The January 30 civil rights march in Derry was protesting the policy of internment. Almost 2000 people were interned between 1971–75, the vast majority from the nationalist, Catholic community. Torture of those “lifted” off the streets by British troops was widespread.

Unsurprisingly, such horrors led to a surge of young men and women joining the republican armed groups that fought to end Britain’s military occupation. More than two decades of war was officially ended by a peace deal in 1998, but the key issues remain unresolved.

The roots of the violence go back to the 1922 partition of Ireland, when Northern Ireland was created as a sectarian state under British control. As part of its agreement to end the Irish War of Independence, the colonial power granted independence to most of Ireland, except for six counties in the north.

Northern Ireland was deliberately created with an artificial majority of Protestants, who largely supported British rule (known as unionists). In contrast, the Catholic community were largely Irish nationalists opposed to British rule. The Catholic minority faced systemic discrimination in jobs, schooling, housing, voting rights and more.

A civil rights movement arose in the 1960s demanding equality for the Catholic minority. It was met with vicious repression from Northern Ireland’s police force and unionist gangs.

In response, working-class nationalist communities sought to defend themselves, engaging in street fighting and building barricades in events such as the 1969 Battle of the Bogside in Derry. This created a “liberated zone” that led to the famous mural declaring: “You Are Now Entering Free Derry.”

With violence spiralling, Britain decided to send troops to its Irish territory as “peacekeepers”. Initially welcomed by many Catholics due to promises the soldiers would protect them from unionist pogroms, it was soon clear it was the nationalist community bearing the brunt of British violence.

With civil, non-violent struggles being made impossible by the actions of the occupiers, who shot unarmed civilians with impunity, the struggle against the sectarian state degenerated into an all-out war.

Britain carried out its war against the nationalist community in the name of “fighting IRA terror”. Yet evidence grows about the depths of British forces’ collusion with unionist death squads that targeted Catholic civilians.

For instance, the close links and active involvement by British forces in unionist paramilitary massacres were detailed in depth in Anne Cadwallader’s 2013 Lethal Allies: British Collusion in Ireland.

A British government-commissioned inquiry in 2020 established that 85% of the pro-British terror gangs’ intelligence information came from British security agencies. On January 13, Northern Ireland’s police ombudsman confirmed evidence of “collusive behaviour” between British officers and unionist death squads over 1989–93. At least 19 murders were associated with this collusion.

Yet in an ongoing pattern of impunity, People’s World reported on January 22 that “the British government is seeking an amnesty for its armed forces, halting investigations and denying victims access to the courts and to a legitimate trial”.

The 1998 Good Friday Agreement (GFA) was a recognition that British forces could not defeat republican groups with strong support in nationalist communities, nor that republican armed groups could militarily defeat British forces.
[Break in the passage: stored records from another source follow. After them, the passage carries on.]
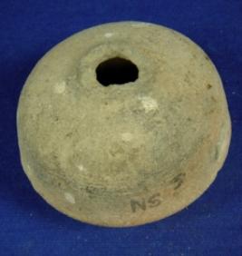 | Description / विवरण | Coarse, ill fired miniature pot, rounded base partial bulbous body having narrow mouth broken upper part. |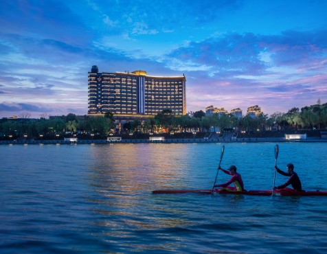 酒店规模宏大,主楼高15层,建筑面积达5万平方米,各种综合服务设施完备,宽阔明亮的酒店大堂、舒适怡人的湖景客房、豪华典雅的中西餐厅、健康时尚的娱乐设施、现代便捷的商务中心、细致周到的精致服务,覆盖酒店所有区域的无线网,将带给您更为便捷的享受。 这里既是休闲娱乐、怡情养性的理想之选,也是宴宾会友、商务会议的绝佳场所。乘坐酒店观景电梯缓缓而上时,放眼望去,湖岸绿柳繁花,远处水天一色,万千气象,尽收眼底,令人心旷神怡。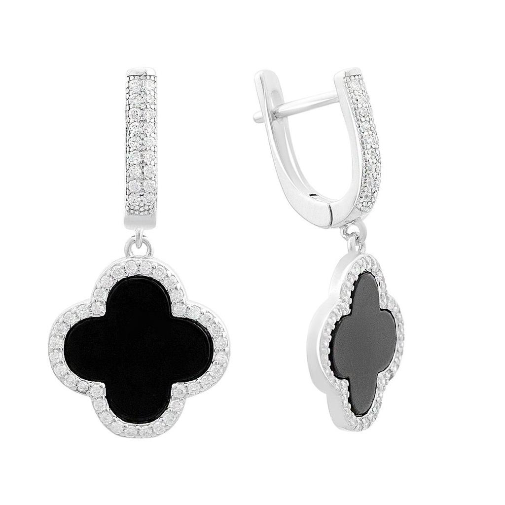 Silberohrringe mit natürlichem Onyx und Zirkonia (60001997)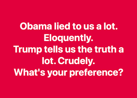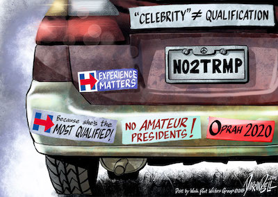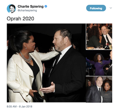 “Hi, I’m Oprah. I’m the spokespersonfor Weight Watchersbut can’t control my weight. I tell you how to run your marriagebut I can’t commit to marriage.I tell you how to raise your kids but I don’t have any. I am very spiritual, but don’t go to any church or identify as Christian.Even though I knew about Weinstein and the casting couch, I was silent, but I support the Me too movement. I am racist to the core, but blacks can’t really be racist, so that doesn’t count. I’m black and female, so I check all the boxes. I praised Denmark for their Socialism, though I am a billionaire due to Capitalism, the economic system that allowed a dirt poor child from Mississippi to rise to world renowned fame and wealth. The first time I openly endorsed a presidential candidate it was a black one, Obama. Before a black candidate, I was not political.Vote for me, and I will give you transformational change, the kind you got from Obama.“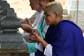 Nalakini Niranjana from Malaysia shaved her head and received blessings...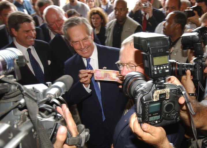| Keywords: US Navy 031015-N-4374S-007 U.S. Secretary of Commerce Don Evans displays a new Iraqi diner during a press conference.jpg en Baghdad Iraq Oct 15 2003 -- U S Secretary of Commerce Don Evans displays a new Iraqi dinar during a press conference Secretary Evans met with Iraqi leaders to talk about the progress of the economy in Iraq during his visit to Baghdad U S Navy photo by Photographer s Mate 2nd Class Michael Sandberg RELEASED 2003-10-15 031015-N-4374S-007 Navy http //www navy mil/view_image asp id 10054 U S Navy photo by Photographer s Mate 2nd Class Michael Sandberg PD-USGov-Military-Navy Baghdad in the Iraq War |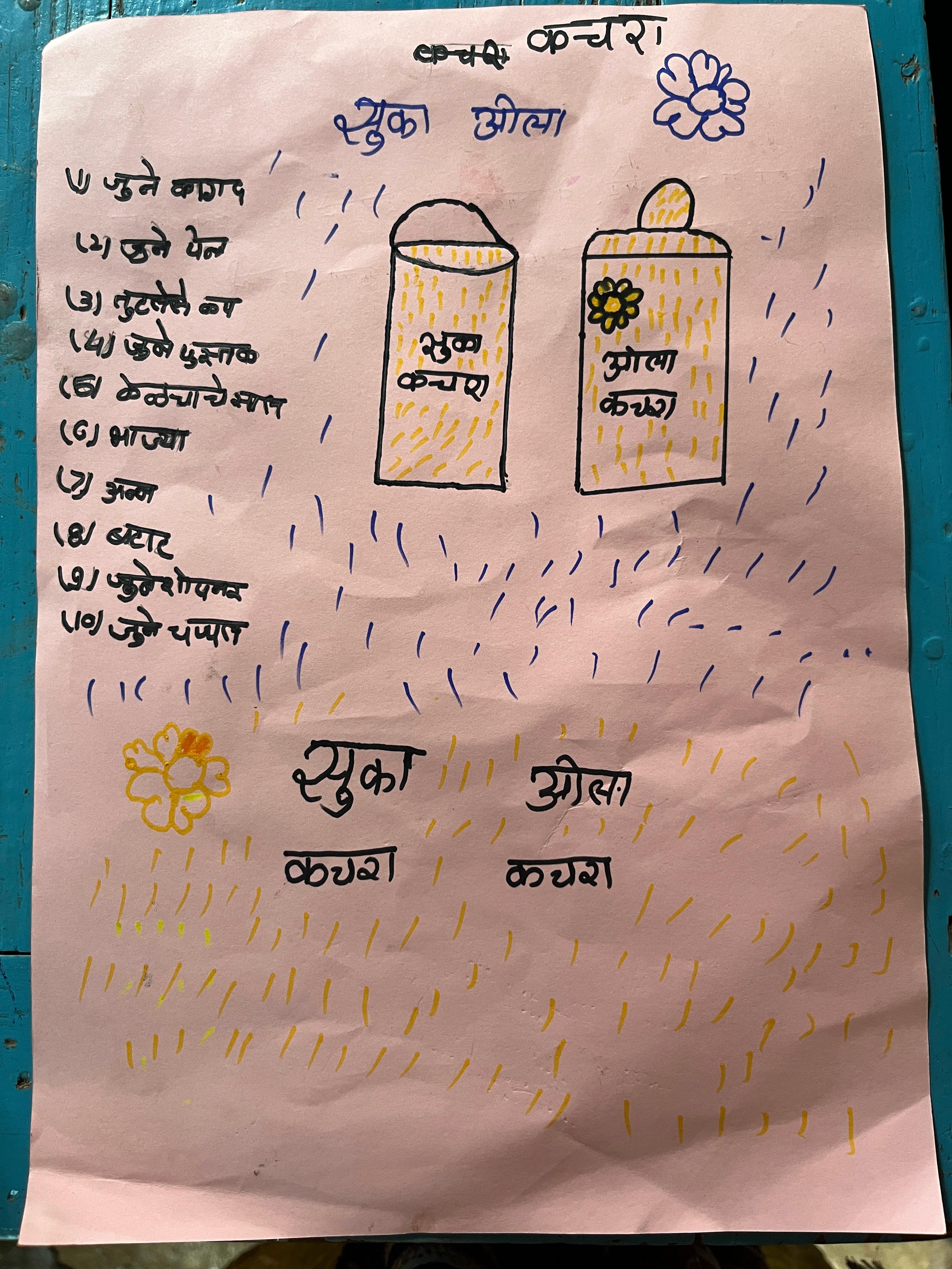 Using simple, local examples, like the difference between vegetable peels and a used chips packet we can teach kids the basics of wet (biodegradable) and dry (non-biodegradable) waste. Interactive charts, local case studies, and stories from their own villages make learning relatable. Also, it is imperative to tell children the ‘WHY?’ behind everything, so that what they are able to retain what they learn in the classroom. For example, the dried garden leaves does not fall under the dry waste category. But why?

But more than two decades on, much of the agreement has not been implemented.

Britain’s fraught process of withdrawing from the European Union (EU) has also highlighted the absurdity of British control over six Irish counties. Despite a majority in Northern Ireland voting to remain in the EU, it is being dragged out by Britain and hard-fought gains from the peace process are being threatened.

In this context, Irish republican party Sinn Fein — currently the most popular party across the island — is campaigning for an all-Ireland referendum on Irish unity as allowed under the GFA.

Ultimately, the campaigns for justice for the many victims of the conflict that rocked Northern Ireland in the last decades of the 20th century can’t be separated out from the conflict’s causes. Britain will not willingly acknowledge its crimes, because to do so would be to admit that controlling a sectarian state in Ireland’s north is itself a crime.